The main reason it’s unlikely to happen, of course, is because President Dwight D. Eisenhower’s warning of the then-impending dominance of the military-industrial complex has come to pass, and that behemoth would deploy the massive financial weapons in its aresnal to fight any such movement in this direction—and those financial weapons are mighty powerful indeed.
I’m reposting the entire thing in full, with the original poster’s consent, to try to get as many people to think about it (and repost it themselves) as possible, but you should click through to be able to access all the groovy hyperlinks and whatnot.
But just imagine it: being able to have a direct say, even a small one, in how our tax dollars are spent. As I’ve written before, I suspect funding for cancer research, for example, would skyrocket.
It's hard to believe that Bush's proposed budget is what anyone wants. For example, he suggests cutting half the federal funds for public broadcasting, while he spends the same amount ($200 million) in Iraq every 12 hours.Unfortunately, as ordinary taxpayers, we don't have that much influence over the final budget. If we want to see more money put into biomedical research or the arts we can vote every couple years, we can try to lobby Congress, or we can give to charitable groups and bypass the government entirely. Maybe there ought to be a more direct method.
Suppose we try something new. Take the budget -- Bush's proposal is over $3 trillion -- and make a 0.1% across-the-board cut, reducing every agency's funding by one penny out of every 10 dollars. Take the resulting $3 billion and put it into a Taxpayer-Directed Spending fund. And let the people decide where that money should go.
You could simply have a box you check off on your tax form, where you indicate which departments you want to receive your ~$10 share of that funding. Or, we could adapt the federal matching funds model and have a website where anyone can contribute small-dollar (or large-dollar) tax-deductible donations to an agency, and the government would match those contributions dollar for dollar out of the Taxpayer-Directed Spending fund.
The central idea is to give taxpayers a direct voice in how their dime is spent. The amount should be small, so as not to bollix up the entire budget on public whims, but large enough to make a difference. $3 billion is 1/1000th of the budget, but it's 8x what public broadcasting gets, it's 20x what the National Endowment for the Arts gets, and it's enough to increase the NIH by a hefty 10% rather than effectively cut it with sub-inflation increases, as is the current plan.

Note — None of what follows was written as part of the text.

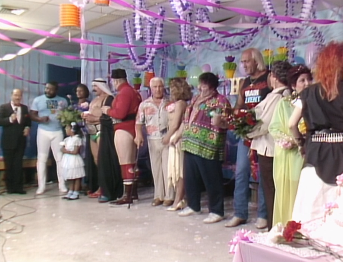 All the stars are here! Cyndi invited the Iron Sheik who badmouths Cyndi the whole time. Fred Blassie’s mother is about 28 years old. One of the perks of watching these shows back is realising how funny Fred Blassie was. Gene Okerlund goes along the row interviewing people.
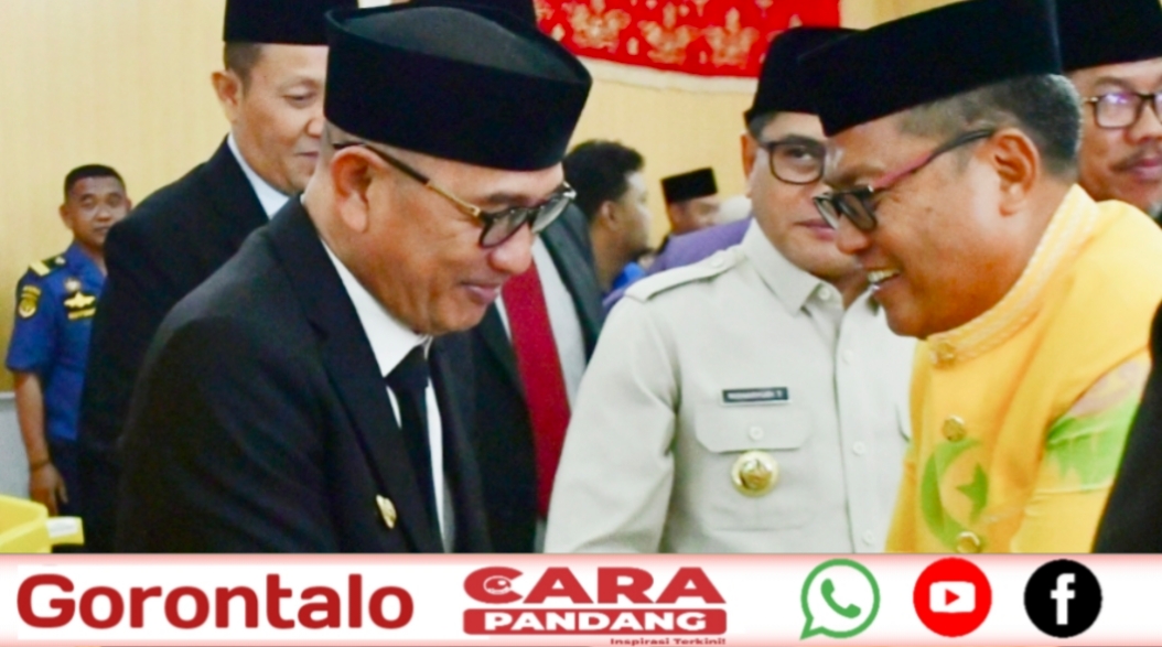 Rapat paripurna yang berlangsung di ruang sidang DPRD Gorontalo Utara tersebut dihadiri Gubernur Gorontalo, Gusnar Ismail, dan dipimpin Ketua DPRD Gorontalo Utara, Dedy Dunggio, didampingi para wakil ketua DPRD.

There is some precedent for this kind of direct, taxpayer-driven spending. The federal campaign matching funds operate on a similar principle, for example, using voter-driven fundraising to direct public dollars. Apparently, following the 2004 tsunami, the Canadian government sent matching funds in disaster relief for whatever its citizens raised (helpfully blogged about at this site). As that writer points out, the US government already provides a kind of 30% matching fund for charitable contributions each year by making them tax-deductible.
The motivation for this project would not only be to redirect 0.1% of the budget (although that's a start), but to use Taxpayer-Directed Spending as an indicator of where people want their money spent, kind of a national petition, that would help organizations more effectively lobby for funding. It would be the writing on the wall to tell Congress what taxpayers want.
(On that note, see also my post a year ago with a proposal for "YouBudget", which I still think is a good idea.)
Sara recently wrote about how government can still do good and do it well, from health care to education (or, in her words, from polio vaccines to the GI Bill). She also wrote about how the power of these programs lies partly in the long-lasting infrastructure they create. Those great projects were conceived at a time when Americans had been exposed to undergoing personal calamity and willingly making personal sacrifices, during the Depression and again during WWII, and doing it together as a nation. Compare that experience with today's, when as Bush said, the biggest sacrifice most Americans make for the war is to "sacrifice peace of mind when they see the terrible image of violence on TV every night."
Today, I don't feel like the public has a sense of being part of public works or public spending. It's not our government anymore. I'm not sure great public deeds can be undertaken successfully again until it is. The basic methods for people-powered politics, especially using the internet as an organizing tool, have been developed over the campaigns of 2004, 2006 and now 2008. I think that by applying these tools to policy-making -- something as simple as divvying up the budget -- we can begin to return to Americans the sense of ownership of our nation that made great national projects possible.